[Records from a data collection]
[Start of Attachment]

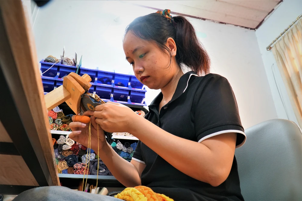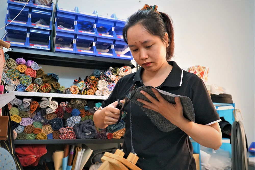 Sau khi thiết kế kiểu dáng phù hợp thì sẽ bắt đầu công đoạn chế tác, thêu thêm hoa văn, thêm phụ kiện, khoen gài, khóa kéo. Trung bình thời gian làm ra một sản phẩm mất từ 1 đến 2 ngày.
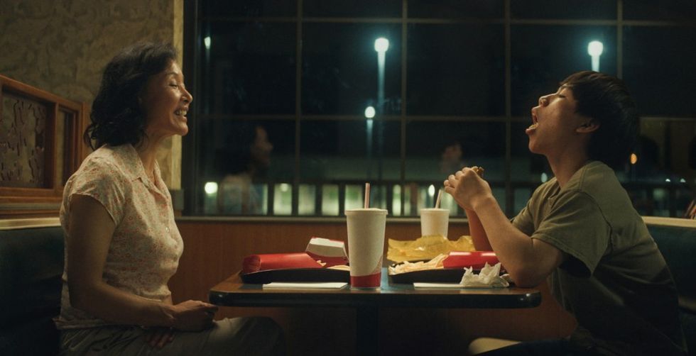 If there is one therapy-session-already-in-progress aspect to Dìdi — one area where the auto-fiction sympathy gives way to real empathy — it’s regarding Chris’s long-suffering mom. Wang may not write off the youngster’s indiscretions as “boys will be boys” shenanigans, yet he’s able to see how Chungsing struggled and fought and tried to express herself through paintings that went largely unappreciated. Chris is naturally embarrassed by her, lashes out at her, piles on when Nai Nai or his older sister rages against her at the dinner table. The kid doesn’t quite see what she’s going through. The adult behind the camera can see it now, with the benefit of experience and hindsight, and the movie almost feels like a belated apology. It makes everything that much richer.
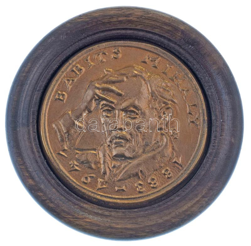 Farkas Pál (1947-) DN "Babits Mihály" öntött bronz emlékérem (65mm) fa posztamensen (94mm) T:XF
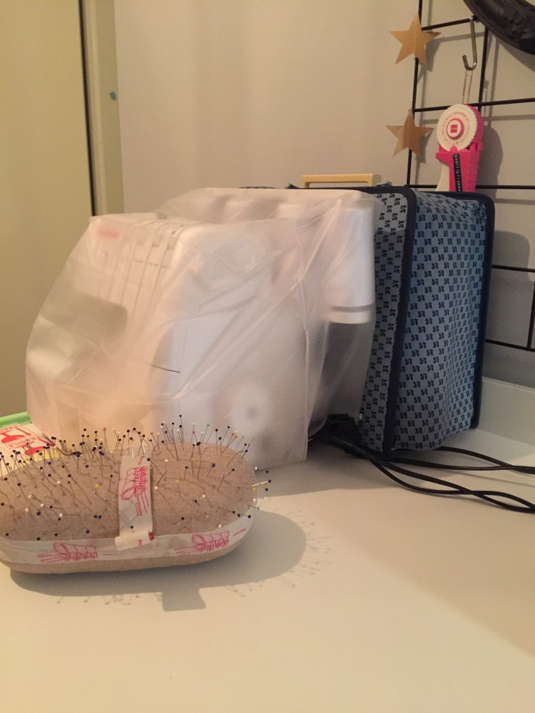 Het verliep allemaal voorspoedig. Buiten wat speldenprikjes in mijn vingers, had ik genoeg garen, bleef mijn naaimachine naald heel en kwam er geen tornmesje aan te pas. Fijn als het zo mee zit. Ik ben erg blij met het resultaat.
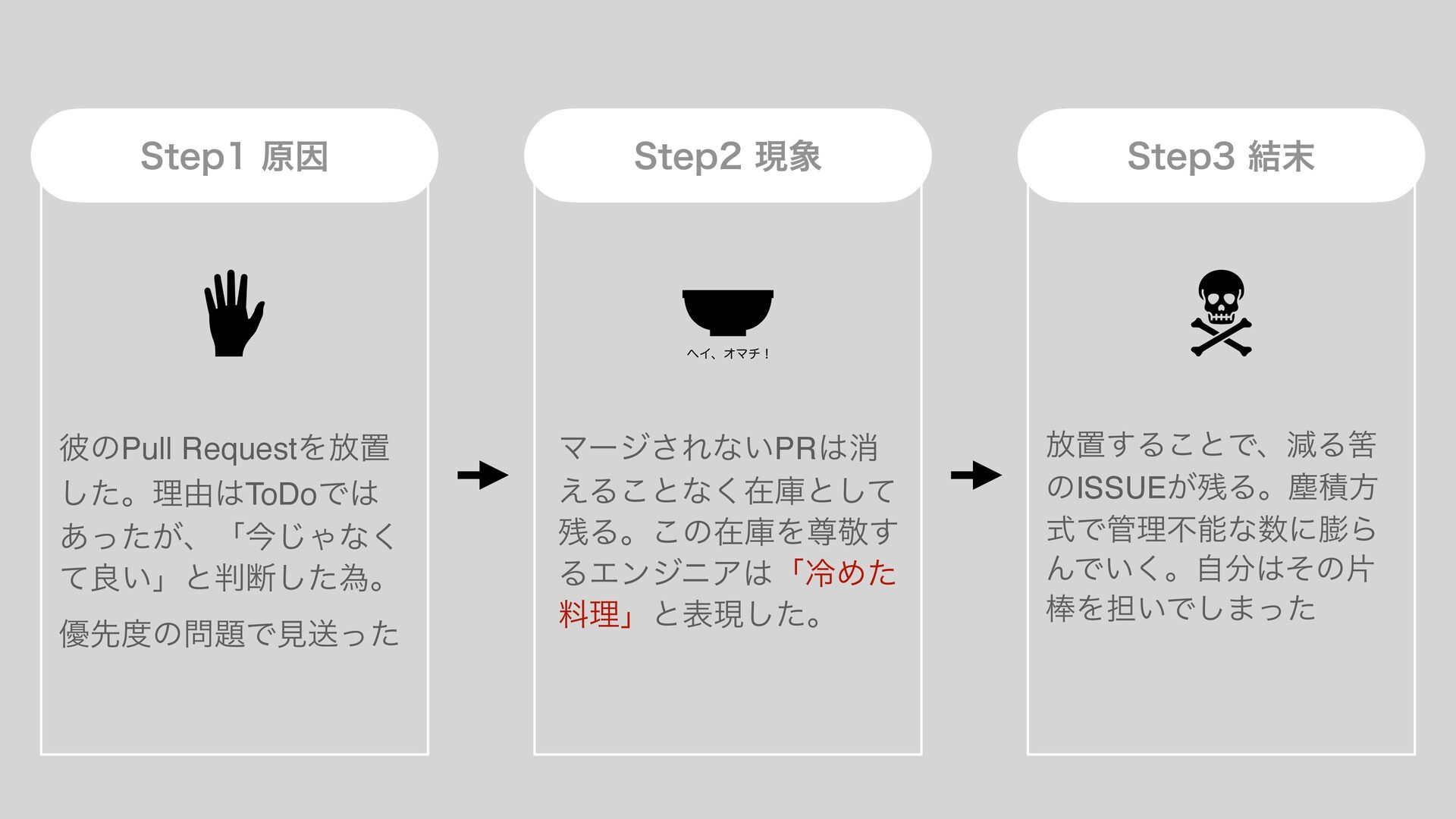 ൴ͷPull RequestΛ์ஔ ͨ͠ɻཧ༝ToDoͰ ͕͋ͬͨɺʮࠓ͡Όͳ͘ ͯྑ͍ʯͱஅͨ͠ҝɻ ༏ઌͷͰݟૹͬͨ Ϛʔδ͞Εͳ͍PRফ ͑Δ͜ͱͳ͘ࡏݿͱͯ͠ Δɻ͜ͷࡏݿΛଚܟ͢ ΔΤϯδχΞʮྫྷΊͨ
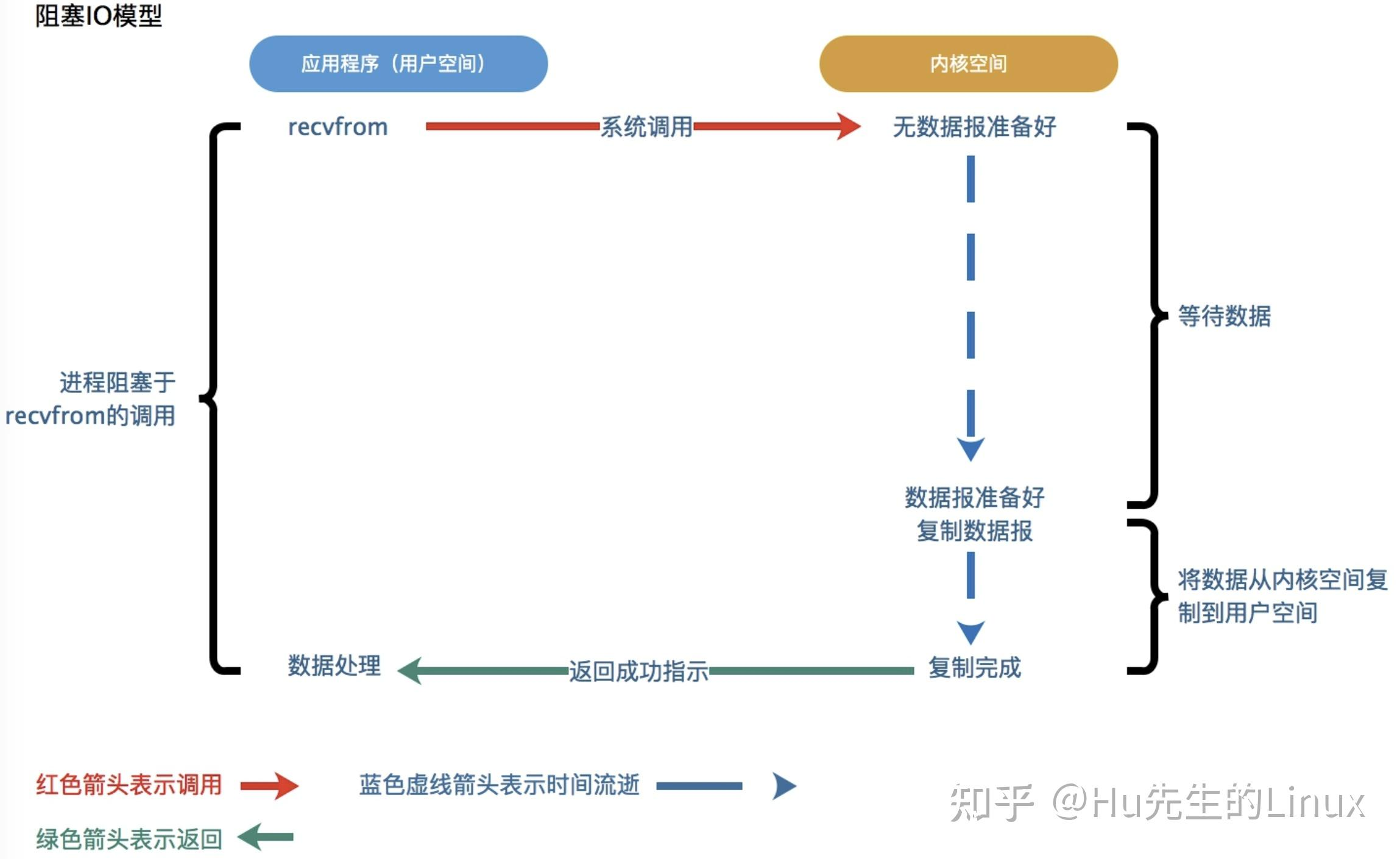 应用程序调用一个IO函数,导致应用程序阻塞,等待数据准备好。 如果数据没有准备好,一直等待….数据准备好了,从内核拷贝到用户空间,IO函数返回成功指示。
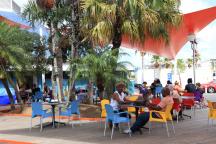 ローカルの人たちは買い物のあとは併設されているカフェで一休み。
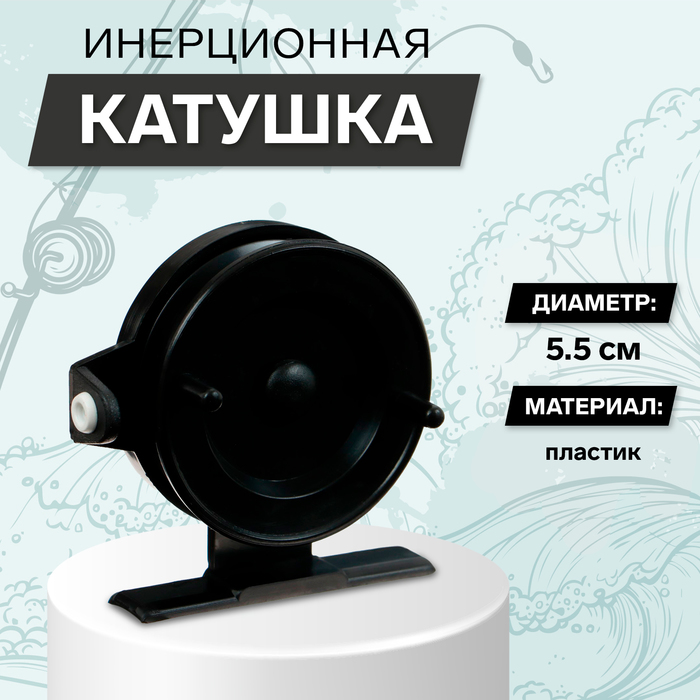 Катушка инерционная, пластик, диаметр 5.5 см, направляющая лески, цвет черный, 602

[End of Attachment]

**EXERCISE INSTRUCTIONS:**
Copy every record exactly, without the pictures.

**REPLY:**
 Sau khi thiết kế kiểu dáng phù hợp thì sẽ bắt đầu công đoạn chế tác, thêu thêm hoa văn, thêm phụ kiện, khoen gài, khóa kéo. Trung bình thời gian làm ra một sản phẩm mất từ 1 đến 2 ngày.
 If there is one therapy-session-already-in-progress aspect to Dìdi — one area where the auto-fiction sympathy gives way to real empathy — it’s regarding Chris’s long-suffering mom. Wang may not write off the youngster’s indiscretions as “boys will be boys” shenanigans, yet he’s able to see how Chungsing struggled and fought and tried to express herself through paintings that went largely unappreciated. Chris is naturally embarrassed by her, lashes out at her, piles on when Nai Nai or his older sister rages against her at the dinner table. The kid doesn’t quite see what she’s going through. The adult behind the camera can see it now, with the benefit of experience and hindsight, and the movie almost feels like a belated apology. It makes everything that much richer.
 Farkas Pál (1947-) DN "Babits Mihály" öntött bronz emlékérem (65mm) fa posztamensen (94mm) T:XF
 Het verliep allemaal voorspoedig. Buiten wat speldenprikjes in mijn vingers, had ik genoeg garen, bleef mijn naaimachine naald heel en kwam er geen tornmesje aan te pas. Fijn als het zo mee zit. Ik ben erg blij met het resultaat.
 ൴ͷPull RequestΛ์ஔ ͨ͠ɻཧ༝ToDoͰ ͕͋ͬͨɺʮࠓ͡Όͳ͘ ͯྑ͍ʯͱஅͨ͠ҝɻ ༏ઌͷͰݟૹͬͨ Ϛʔδ͞Εͳ͍PRফ ͑Δ͜ͱͳ͘ࡏݿͱͯ͠ Δɻ͜ͷࡏݿΛଚܟ͢ ΔΤϯδχΞʮྫྷΊͨ
 应用程序调用一个IO函数,导致应用程序阻塞,等待数据准备好。 如果数据没有准备好,一直等待….数据准备好了,从内核拷贝到用户空间,IO函数返回成功指示。
 ローカルの人たちは買い物のあとは併設されているカフェで一休み。
 Катушка инерционная, пластик, диаметр 5.5 см, направляющая лески, цвет черный, 602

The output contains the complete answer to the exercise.